1) Drive more smoothly. (So glad all my moaning has been vindicated - it sounds like it was totally screwed up before…we’ll see whether this helps.)
2) Determine how to stop the car in the correct place.
3) Understand when the car can’t see.
4) See cross traffic.
5) Maybe pick the correct lanes sometimes.
6) Maybe have a little memory, unclear how much.
7) Detect and respond to UFOs (was not in the request list).
 
  • Helpful
Reactions: GranularHail
The biggest issue is it gets into the right lane so often and I. My area the right lane is sometimes parking only and sometimes driving only. It that people pay attention, or cate, one way or the other. You are car gets in the right lane and gets stuck behind a parked car and eventually goa around it only to go right back into the right lane and do it all over.

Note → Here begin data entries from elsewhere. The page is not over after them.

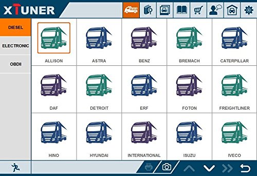-. Feature : XTUNER T1 has extensive vehicle coverage for heavy-duty trucks like Allison, Astra, Benz, Bremach, Caterpillar, DAF, Detroit, ERF, Foton, Freightliner, Hino, Hyundai, International, ISUZU, Iveco, Mack, MAN, Navistar, Diesel OBD, Renault, Scania, Toyota, UD, Volvo, Wabco; Support electronic system like Bendix, Cummins. / Complete function including DTC, DTC freeze Info, Live data, Actuation test and Special function;Support standard protocol J1939, J1708 and J1587. / XTUNER T1 support communication via USB or WIFI connection for the VCI; Software support update online for free. / Operation System: Windows XP, Windows 7, Windows 8, Windows 10, which allows for more stable performance, better compatibility and expandability. / The built-in overvoltage protection module is able to protect scanner and vehicle against accidental damage during checking; Work stably and smoothly in high and low temperature environment. Please feel free to contact us if you have any technical question, our engineer will support online.
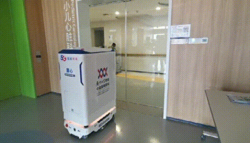 5G机器人在院内自动避障穿行呼,叫并搭乘电梯,不仅如此,它还会呼叫并搭乘电梯。
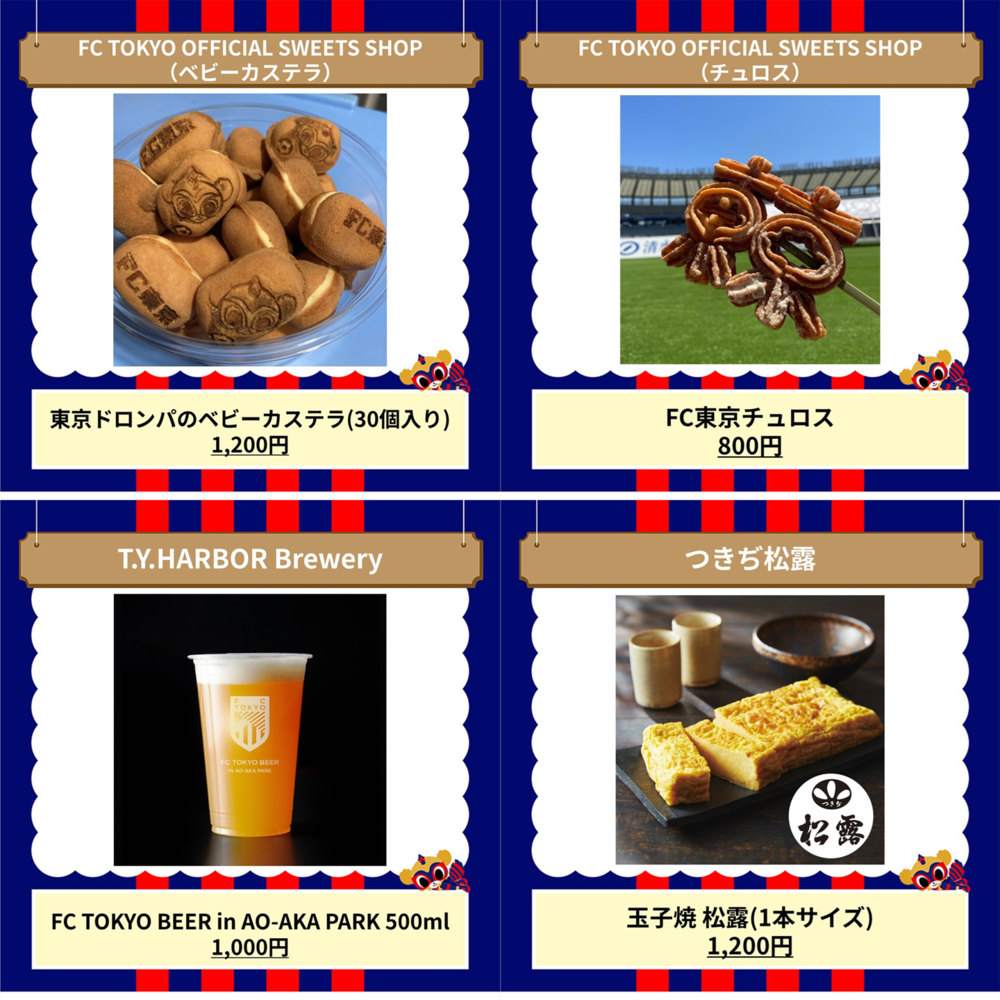 5월 25일(일) 2025 메이지 야스다 J1리그 제18절 vs 산프레체 히로시마 (15:00 킥오프/국립경기장)에서, 아오아카 파크 supported by JOYPOLIS에서 판매하는 음식 및 음료 정보를 알려드립니다.

And why make left turns into left lanes when I almost immediately needs to make a right after the left you it try’s to cut access 3-4 lanes after completing the left to get ready for the right.
 
(So glad all my moaning has been vindicated - it sounds like it was totally screwed up before…we’ll see whether this helps.)
I also hope that those people who argued that we just have to be happy with how FSD drives, and that it will never drive the way we would drive, and that we are expecting too much, appreciate the new (hopefully) smoother behavior.

We’ll see if it is smooth enough! I suspect strongly that I will still be griping, but I do hope for improvement - it was definitely low-hanging fruit, that made using FSD barely tolerable.

I hope Chuck doesn’t do the UPLs at night! Though Sunday morning doesn’t really bode that well for me either. Presumably everyone wants to see how it does with actual traffic. So hopefully that is what we see.